Hartman and Fithian (1984) performed most of their studies in the 1970s, likely before any reliable research probe, such as one of Bohlen et al. (1978) was made. The researchers used what they had at the time technology-wise, and it is not the state of their technology I am criticizing nor their attempts to use such technology, but their later sole reliance on heartbeat and, even more so, our contemporary trust placed in their findings like their unvalidated claim of 134 orgasms in an hour, which appears highly likely to be an artifact rather than a finding of their studies.

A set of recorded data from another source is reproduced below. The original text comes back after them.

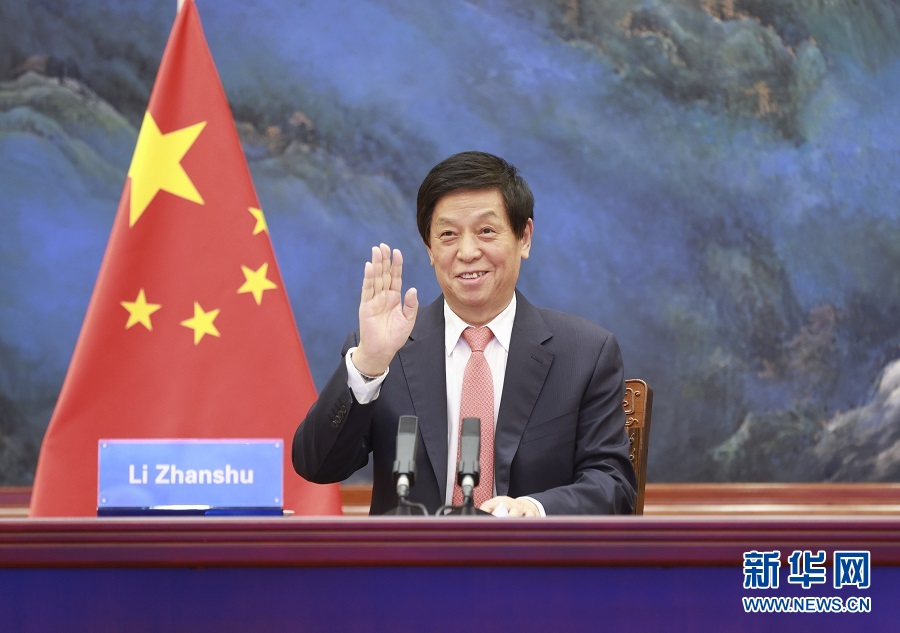 1月18日,全國(guó)人大常委會(huì)委員長(zhǎng)栗戰(zhàn)書在北京人民大會(huì)堂出席全國(guó)人大和柬埔寨國(guó)會(huì)視頻交流活動(dòng)開幕式。 新華社記者 丁林 攝
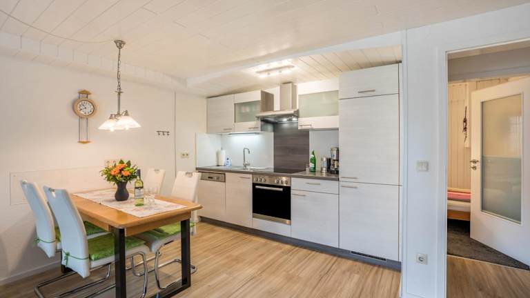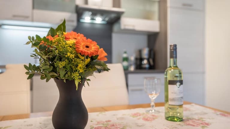Die Ferienwohnung Odenwald umfasst zwei komfortable Schlafzimmer, ein lichtdurchflutetes Wohnzimmer sowie eine vollständig eingerichtete Küche mit Kühlschrank und Kaffeemaschine. Zudem sind ein Badezimmer mit Dusche und kostenlosen Pflegeprodukten vorhanden. Handtücher und Bettwäsche werden bereitgestellt.
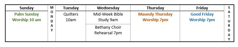 Holy Week Worship Dates & Times
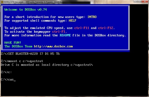 - Launch DOSBox, and at the DOS prompt, type mount c c:\vgastrat and press enter.
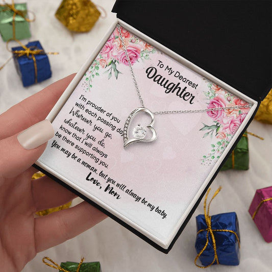 Daughter Necklace from Mom, Always Be My Baby Message Card Mother Forever Love Pendant Gold Finish Jewelry Birthday Christmas Gift
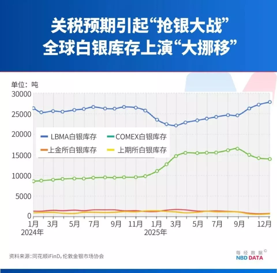 虽然白银价格大多数跟随黄金,但本轮银价大涨的逻辑,要从库存说起。2025年以来,关税预期引起了全球“抢银大战”,其激烈程度,可从区域库存的变化中管中窥豹。

Hartman and Fithian were correct about many areas of physiology, including the similarity in female and male response. Researchers should stop citing their apparent record in their work. If anything, they should be cited as an example of why heartbeat alone is a poor indicator that orgasm occurred similar to how statistic professors use Kinsey interview methods as a teaching lesson for how not to do a sample.